Log Periodic Aerials
What is a Log Periodic Aerial?
We are often asked “What is a Log Periodic Aerial?” and “Should I be using a Log Periodic Aerial?”
Log periodic aerials are used for the reception of Digital Terrestrial TV services such as Freeview
As you can see from the image they look slightly different to a conventional ‘old style’ TV aerial with the rear reflectors that we often see on top of chimneys. One customer once described them to looking like a fishbone. Don’t be put off as a Log Periodic can perform just as well if not better then a Yagi style TV aerial.
A Log Periodic TV aerial offers many benefits over traditional wideband TV aerials. Most notably, you’ll get more consistent signal levels across all Freeview multiplexes, as Log Periodic aerials have a flat signal gain characteristic. This means they work equally well on all UHF TV channels – making them truly “wideband”. By contrast, most wideband “yagi” antennas work less well on the lower Group A UHF channels.
Triax Log Periodics are well built and resistant to element damage, making them ideal for caravan or boat installation where the antenna is frequently taken down and equally suitable for home installation in a loft or outdoors.
A Log Periodic TV aerial is perfect for digital reception as it rejects impulse noise much better than a traditional Yagi aerial.
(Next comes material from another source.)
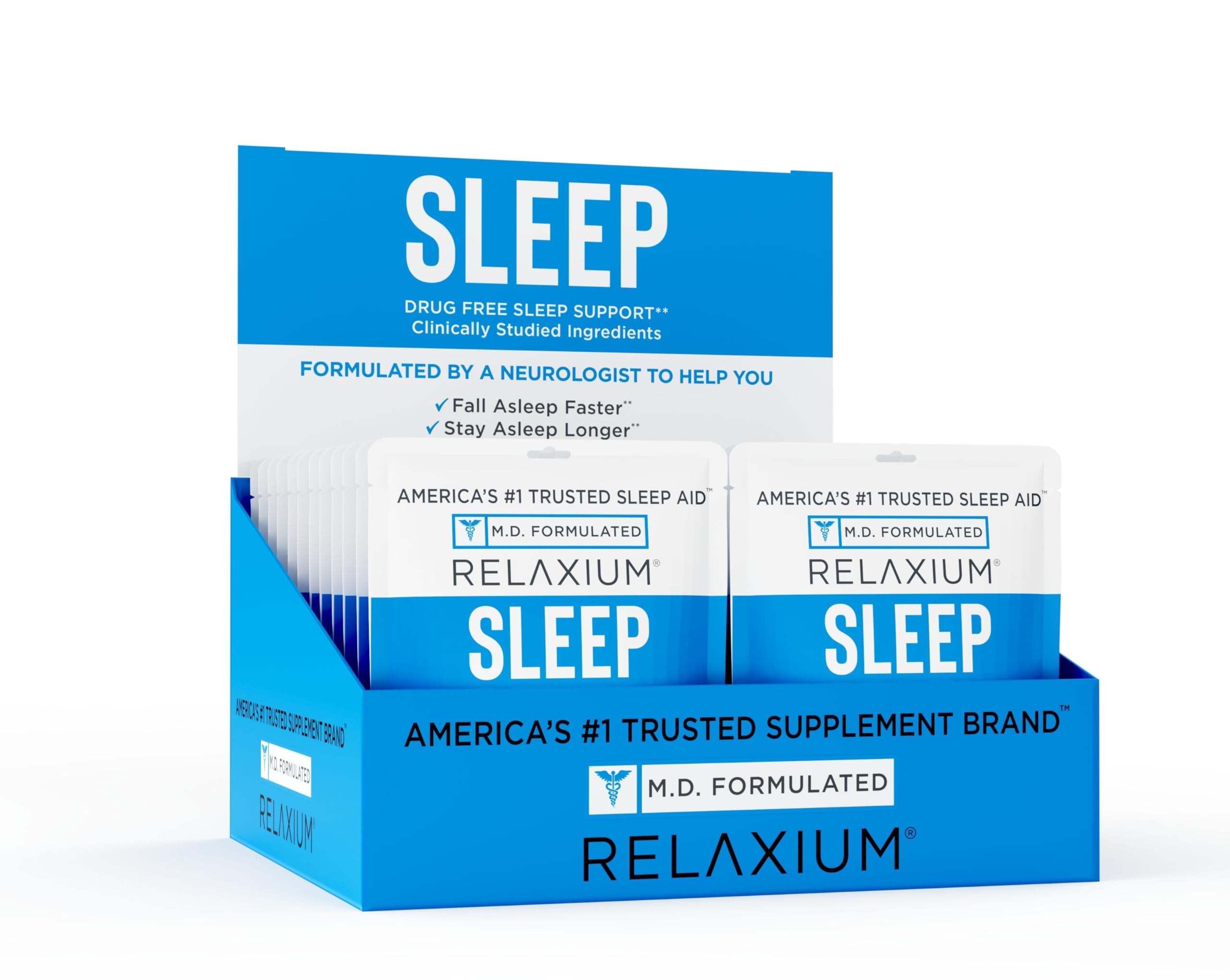 Experience the Effectiveness of Relaxium Sleep, the sleep aid developed by a clinical neurologist! Relaxium Sleep was developed by Dr. Eric Ciliberti, a board-certified physician specializing in Neurology and founder of the American Behavioral Research Institute. Doctor Ciliberti has been in practice for over 20 years. "I've developed a scientific breakthrough product line guaranteed to help you sleep and dramatically improve your mood during the day." Sleep and rest better the first night you try it with safe, effective Relaxium Sleep. Reaxium Sleep is a formula designed to help you best achieve an enjoyable, full night's sleep. Made with only the highest quality ingredients, this sleep supplement can you fall asleep faster, sleep longer without interruption, awake refreshed and alert by and improve concentration. It is the only sleep solution that contains Valerest to help induce sleep safely and has the perfect synergistic blend of melatonin, magnesium, passionflower, GABA, and chamomile to fight your nighttime woes. Relax the body, calm the mind, and regulate your natural sleep cycle with our Triple Action formula and FINALLY sleep through the night with Relaxium Sleep! Vegan.Consult your health care provider before taking any supplements, especially if you're taking prescription medications, are pregnant or nursing. MONEY-BACK GUARANTEE: We're so confident in the effectiveness of Relaxium Sleep that we back it up with a money-back guarantee. For refunds within 30 days of purchase please contact through your account or reach out to our customer support team members. PORTABLE CONVENIENT: Pre-packed pouches simplify nighttime routines take 1 capsule 30 min before bed for restful sleep anywhere. EASES TRAVEL STRESS: Passionflower and L-Tryptophan calm the mind, reducing stress from flights or new environments for better sleep quality. NON-HABIT FORMING: Drug-free blend with Ashwagandha, GABA, and chamomile supports natural sleep cycles, safe for daily use. Consult a doctor before use. 144-DAY TRAVEL SUPPLY: 24 pouches, each with 6 capsules (One or two capsule a day), perfect for long trips or extended use. Compact for carry-ons. SLEEP SUPPORT FOR TRAVEL: 5mg melatonin, magnesium glycinate, and Valerest promote faster sleep onset, ideal for jet lag or unfamiliar beds, helping you wake refreshed. DEVELOPED BY A RENOWNED NEUROLOGIST: Dr. Eric Ciliberti, MD developed Relaxium Sleep to help his patients and millions of others who suffer from lack of sleep This sleep aid has the perfect synergistic blend of melatonin, magnesium, passionflower, GABA, Ashwagandha, and chamomile to fight your nighttime woes It is the ONLY sleep solution that contains a proprietary ingredient, Valerest to help induce sleep safely. FALL ASLEEP, STAY ASLEEP: Relaxium's Triple-Action formula is guaranteed to help you wake up each morning without feeling groggy by restoring your natural sleep cycle, relaxing the body, and calming the mind This sleep supplement is non-habit forming and easy-to-swallow It is your worry-free answer to getting a better night's sleep.

Impulse noise is the largest cause of picture freezing and signal dropout on Freeview reception. Logs also offer much improved rejection of unwanted signals from other transmitters eminating from the back or side of the aerial – due to the Log Periodic’s tight polar diagram.
A good quality log periodic like the Triax TL 28F, will work well on all UK TV channels and be suitable for use on all main and relay TV transmitters in the UK. It is light and easy to install in a loft space or outdoors and can be mounted with vertical or horizontal polarisation.
As there is no large reflector, the wind loading on a Log Periodic aerial is much less than with a traditional Yagi TV aerial, so the aerial can often be mounted on a longer pole leading to much better results than much larger more visually obtrusive aerials. This often amply makes up for the fact that the Triax TL 28F has slightly lower signal gain on the Group B and Group C/D UHF channels than a conventional Yagi-type wideband aerial.